**What is required**:
Exact copy, no pictures: return all the data below as written.

Given data below:

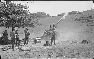 By the time of the Normandy landings, medium regiments were equipped with the 5.5-inch gun (two 8-gun batteries), heavy regiments with 155 mm guns and 7.2-inch howitzers (two 4-gun batteries of each).[3] In the field they were often supplemented by 3.7-inch heavy anti-aircraft (HAA) guns from the AA brigades who had few air targets.[3][11] Although AGRAs were 'Army Troops', 8 AGRA primarily supported VIII Corps
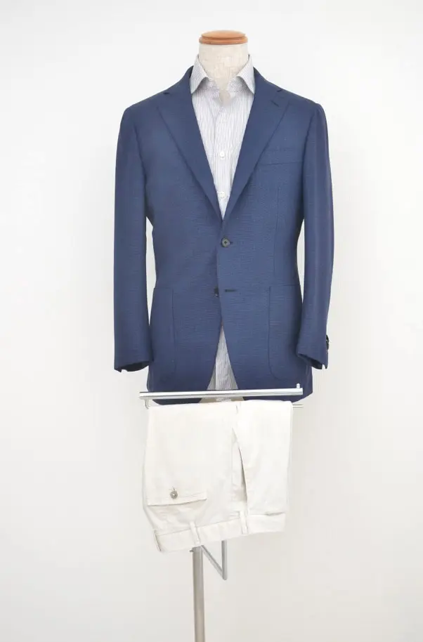 具体的に仕立ての良い紺のテーラードジャケットに、非常に明るいライトグレーや白に近いクリーム色のパンツがおすすめ。
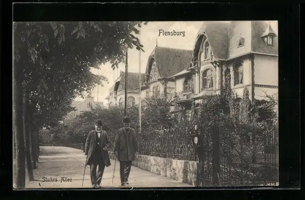 AK Flensburg, Spaziergänger in der Stuhrs Allee

End of Given data.

**Answer to this problem**:
 By the time of the Normandy landings, medium regiments were equipped with the 5.5-inch gun (two 8-gun batteries), heavy regiments with 155 mm guns and 7.2-inch howitzers (two 4-gun batteries of each).[3] In the field they were often supplemented by 3.7-inch heavy anti-aircraft (HAA) guns from the AA brigades who had few air targets.[3][11] Although AGRAs were 'Army Troops', 8 AGRA primarily supported VIII Corps
 具体的に仕立ての良い紺のテーラードジャケットに、非常に明るいライトグレーや白に近いクリーム色のパンツがおすすめ。
 AK Flensburg, Spaziergänger in der Stuhrs Allee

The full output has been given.